In a hole in the wall there lived the Roaring ‘20s, a scruffy Las Vegas bar that bit the bucket in 2016, surrounded by loved ones and the makers of Bloody Nose, Empty Pockets (Bill Ross IV and Turner Ross). Think of the bar as Jimmy Buffett’s private island of lost toys or a watering hole for all the animals who couldn’t run fast enough, missing legs and bits of their ears. The bar wasn’t merely a place to get a drink, but, to quote one of its refugees, “a place you can go when nobody else wants your a*s.”
Among those seeking shelter in the Roaring ‘20s is a Vietnam veteran who still has tears left for the way he and his buddies were treated when they got home. He talks about the brotherhood of war as if it were a city of gold that he desperately tries to convince others exists. Then there’s the long-haired, long-faced regular who’s so regular he begins the movie waking up at the bar in the morning and ends the movie walking out the next morning as if being evicted from his home. Two bartenders trade hands, with the late shift taking on double duty as mother—one hand keeping drunk men from combat and the other keeping her teenage son from getting drunk. You’ve also got a haggard old man who’s boss has the bar’s phone number, a guy who took a little too much LSD, and a woman who rocketed past middle-age to enter girlhood again, drunkenly flirting her way through every man in range.
“Think of the bar as Jimmy Buffett’s private island of lost toys…”
You get to know all these people and more through choice moments, skillfully plucked out among the footage. One of the moments may be stumbling into the middle of a conversation where an unsuccessful man—by conventional standards—is confidently laying out the key to success, inspired by a boozy spark of clarity. Another moment, just as evocative, might be a bout of silence, in which the camera lingers on a face that’s clearly drifted forty years into the past, reliving or rethinking whatever led them here. Even everyone watching Jeopardy and feeling stupid together feels momentous in its own way.

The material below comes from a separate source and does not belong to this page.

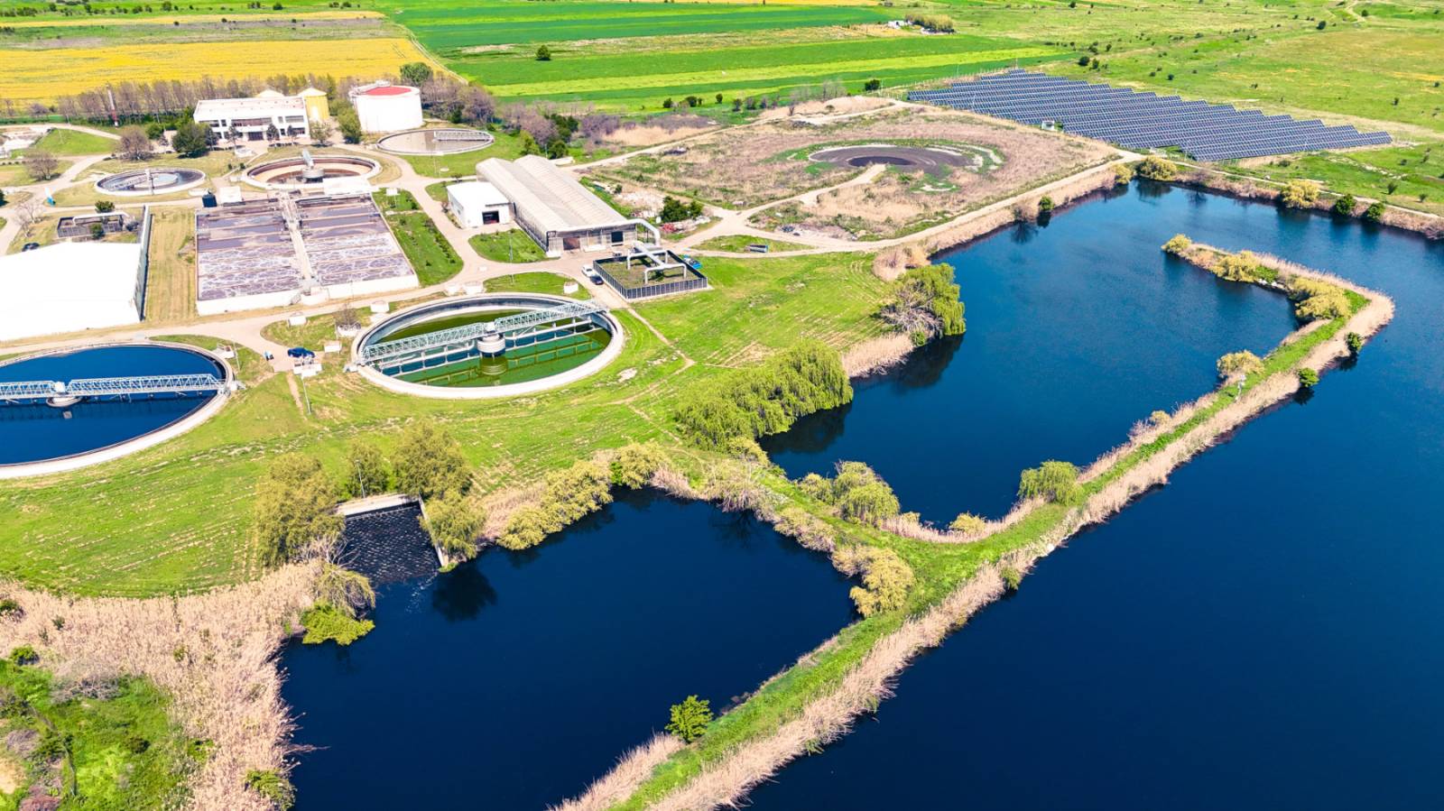 Stația de epurare se desfășoară ca un mecanism viu în mijlocul peisajului. Bazinele circulare, canalele sinuoase și structurile tehnice compun o simfonie vizuală a apei în transformare.

As you weave in and out of these choice moments, you truly feel immersed in this world that’s saturated in neon signs and John Prine. There’s a hard honesty to it. The people aren’t pretty. They probably aren’t sitting on much dough, either. They don’t even have that drunken Falstaff wit. They’re just day-to-day people who give each other’s life meaning, at least until closing time. The Ross Brothers don’t try to deify the closing of The Roaring ‘20s or preserve its memory in amber. This isn’t a feel-good story about the last day in a beloved bar where all the stray dogs come out of the rain to hide in and lick each other’s wounds. The last line in this bedtime story isn’t, “and even though the bar is gone, the bonds between its customers will last forever.” No, the dying words of the Roaring ‘20s aren’t that rosy or that intelligible.
You don’t see people like this or interactions like this in the movies unless they’re hopelessly overdone, to the point of drying out all the truth. Bloody Nose, Empty Pockets is a special movie for this reason and too many others that shouldn’t be read about but seen with your own eyes. Some half-assed internet research has informed/misinformed me that parts of the documentary might have been staged. Whatever it took to get the final product, I’m for it. A barfly impulsively mouthing the lyrics to Roy Orbison’s “Crying” while being serenaded by his bartender is what the movies were made for.
"…an unsuccessful man...is confidently laying out the key to success, inspired by a boozy spark of clarity."